The gyms are opening back up, and our fitness is becoming less restrictive. Things may not be exactly what we are used to from a few months ago but, day by day, our choices are multiplying.

Between limited hours, and limited use of equipment, creativity still plays a huge role.

Our move today is a weighted bar toe crunch. This exercise will be working your core. You will need a flat surface and a weighted bar for resistance. That could be a weighted bar from your local gym, or you can be creative and add extra weight to a broomstick at home.

Begin this exercise by lying flat on the ground. Gripping your weighted bar in both hands, extend your arms straight up over your chest. Then, extend both legs straight up into the air, creating an L shape with your body. Make sure to engage your abdominals by pressing your back into the floor and rotating your hips and you are ready to start your crunch.
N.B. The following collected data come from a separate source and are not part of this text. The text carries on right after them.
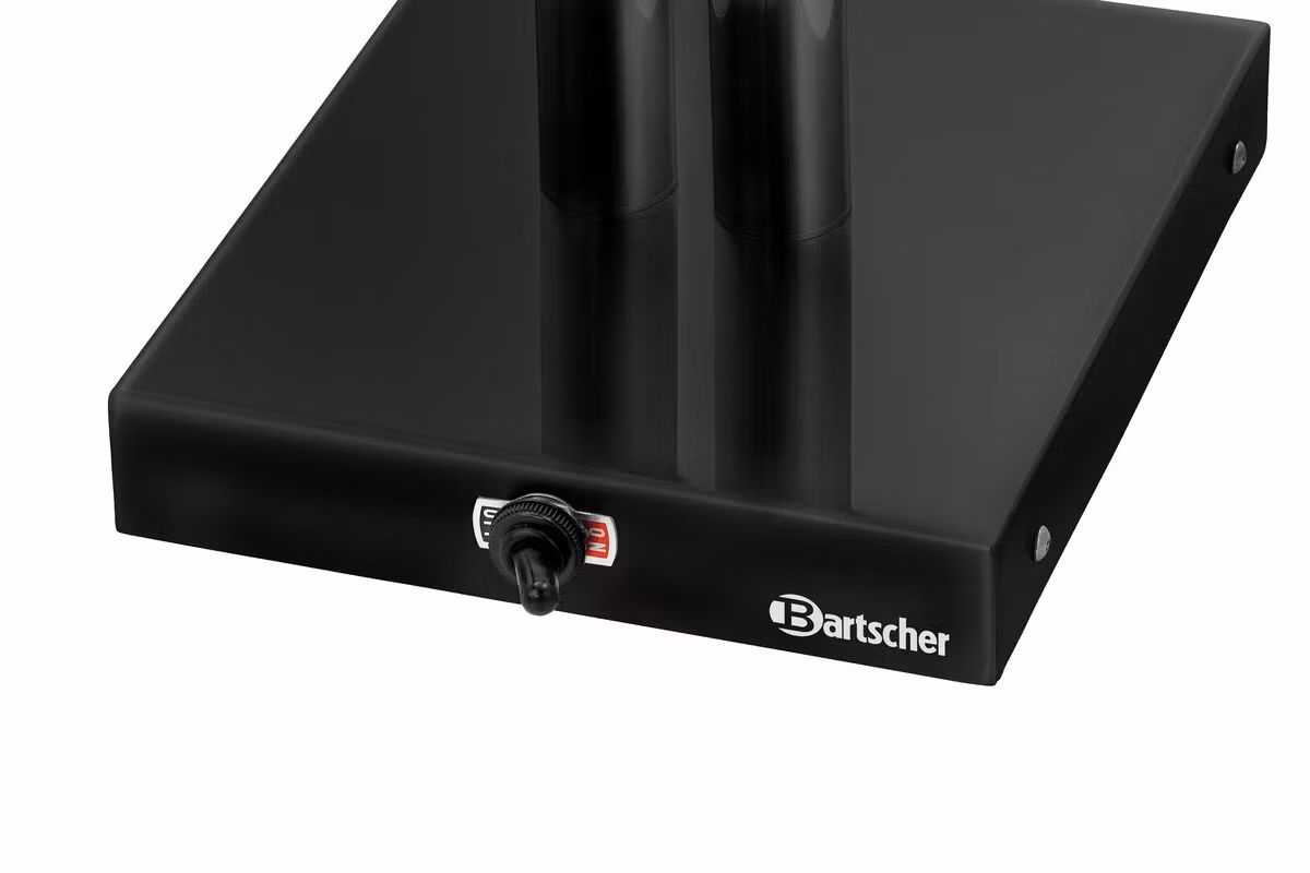 Värmelampa i matt svart stål med en två rörliga lamparmar. Använd denna värmelampa flexibelt för exempelvis matlagningen och vid buffén.
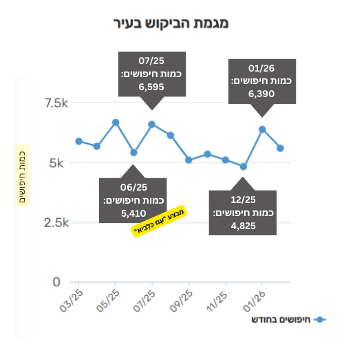 - בינואר 2026 זינק הביקוש לכמות של כ-6,390 מחפשים ובפברואר האחרון ירד ל- 5,595 מחפשים.
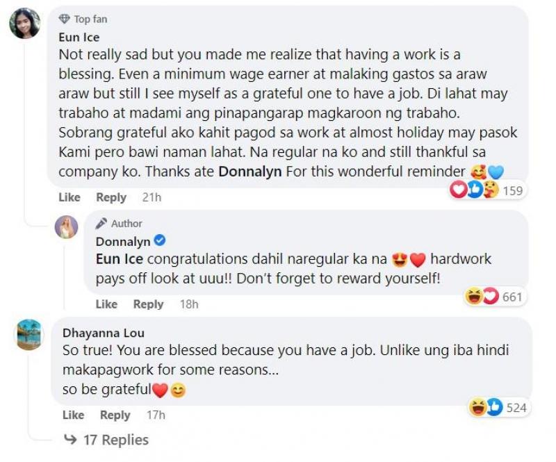 “Sobrang grateful ako kahit pagod sa work at almost holiday may pasok kami pero bawi naman lahat. Na-regular na ko and still thankful sa company ko. Thanks ate Donnalyn For this wonderful reminder.”
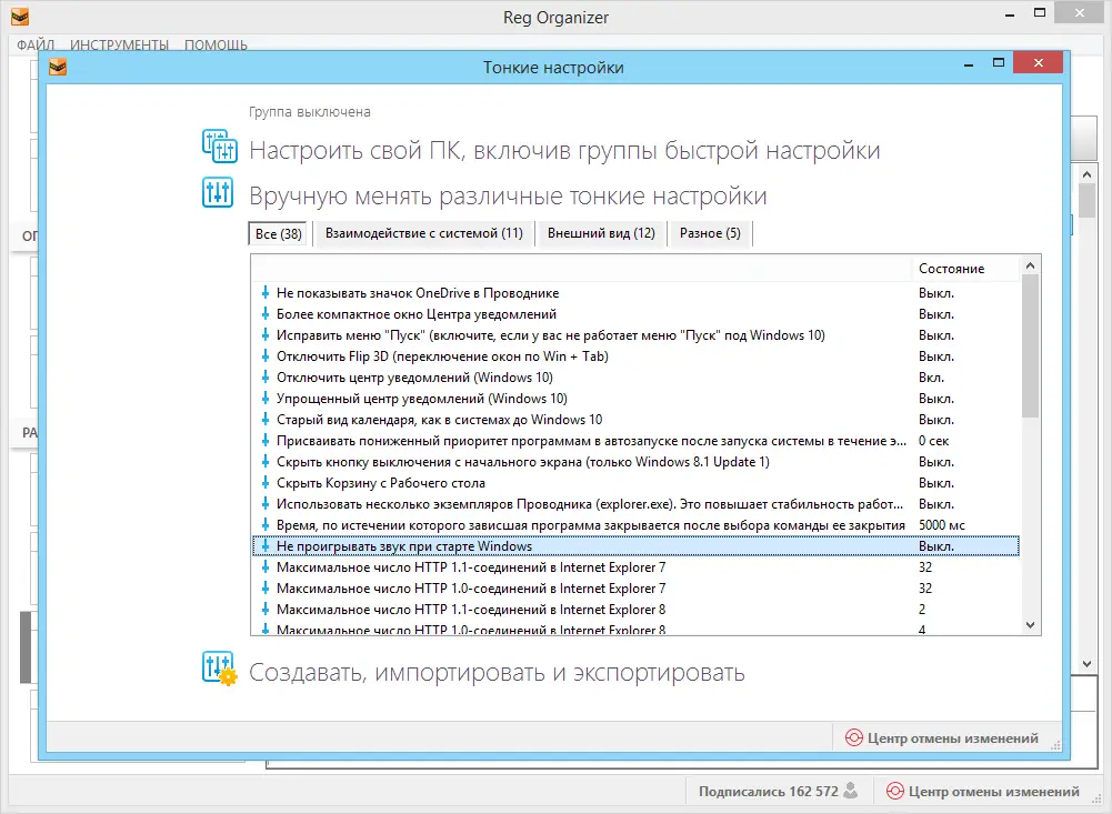 - Расширенный редактор реестра с возможностью экспорта, импорта и редактирования .reg-файлов, а также просмотр содержимого перед импортом.
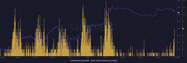 AMBCrypto 对 Santiment 数据的分析显示,在经历下跌之后,ADA 的开发活动图在过去一周大幅上升。
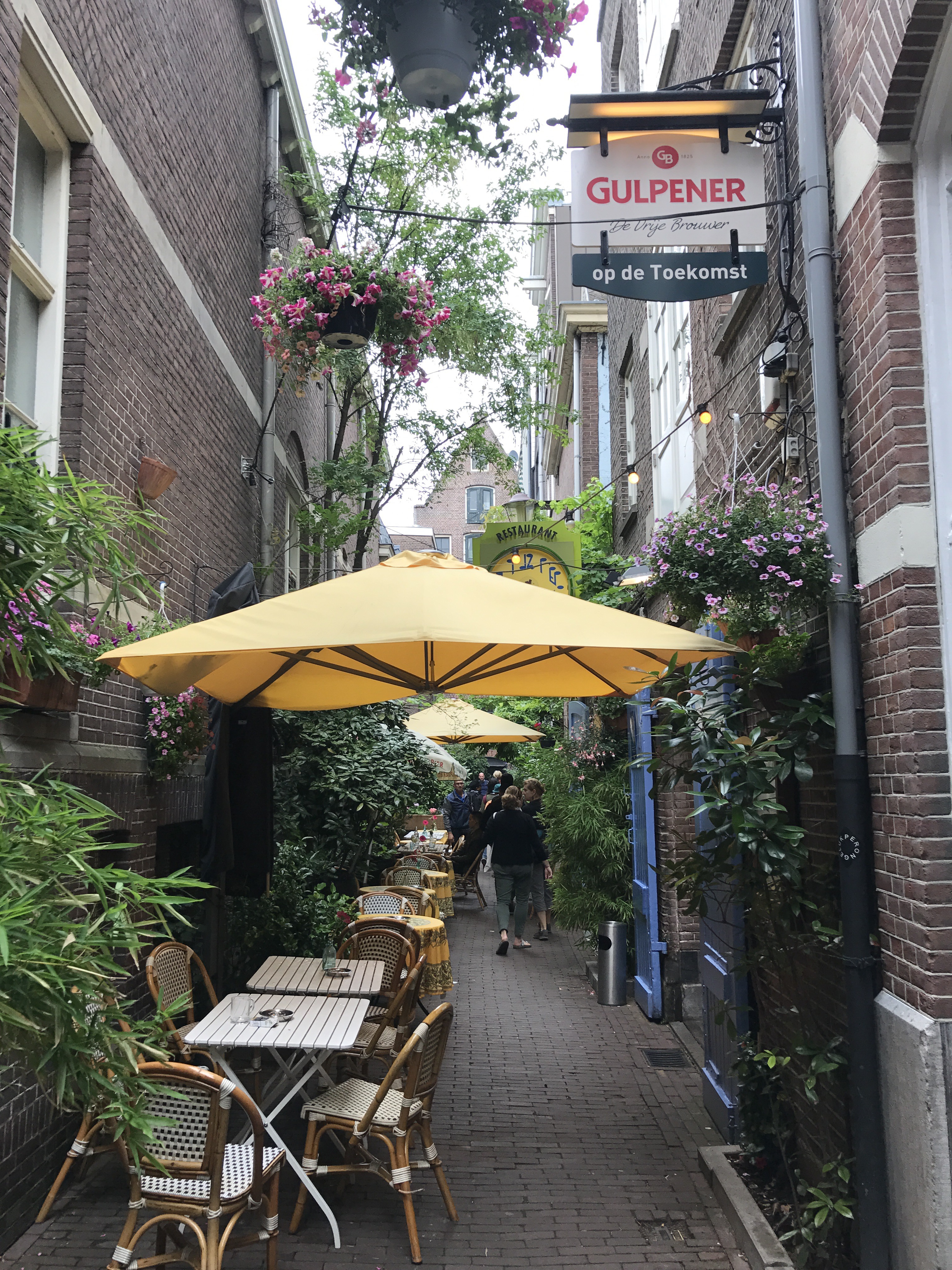 Sat down in Yoghurt Barn in the De Pijp neighborhood. Can’t wait for this trend in the U.S. Choose a size, yogurt base and toppings. I chose a house specialty – Choco Caramba. Dark chocolate chunks, banana, coconut flakes and hazelnuts! So good. Heel goed! Also had some hot tea to warm up from the monsoon outside.
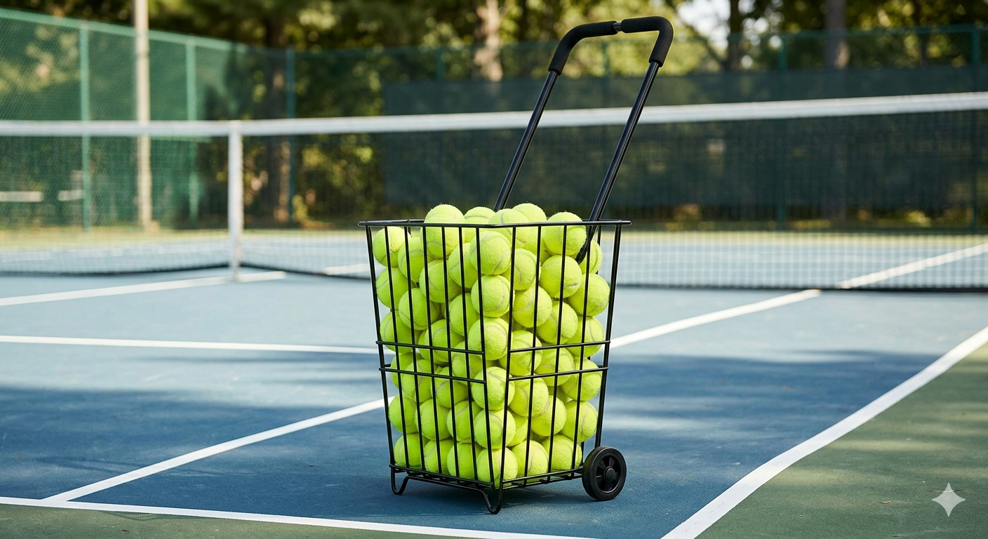 The Tennis Ball Hopper is a convenient and durable training accessory designed to store, carry, and dispense tennis balls with ease. Made from lightweight, high-quality materials, it features a spring-loaded mechanism that allows quick ball retrieval without bending, reducing strain during practice sessions. Its portable design, with a sturdy handle and stable base, makes it ideal for coaches, players, and clubs, streamlining drills and training routines while keeping courts organized and clutter-free.

With your bar in hand and your feet elevated, proceed to crunch in your midsection and push the bar upward toward your feet. Keep the move somewhat slow and methodic to keep your balance. Remember to keep a space in between your chin and chest to keep pressure off your neck.

Continue your lift to your deepest contraction, then slowly return back to the start. Keep this crunching motion going for at least 10 repetitions. Take a small break and repeat this exercise for at least three sets. If you need more resistance, add more weight to your bar. If you need less, lose the bar altogether and just reach for your feet with your hands.

This abdominal exercise is great on its own or added into any core work out. And the best part, it can be done at home or in the gym!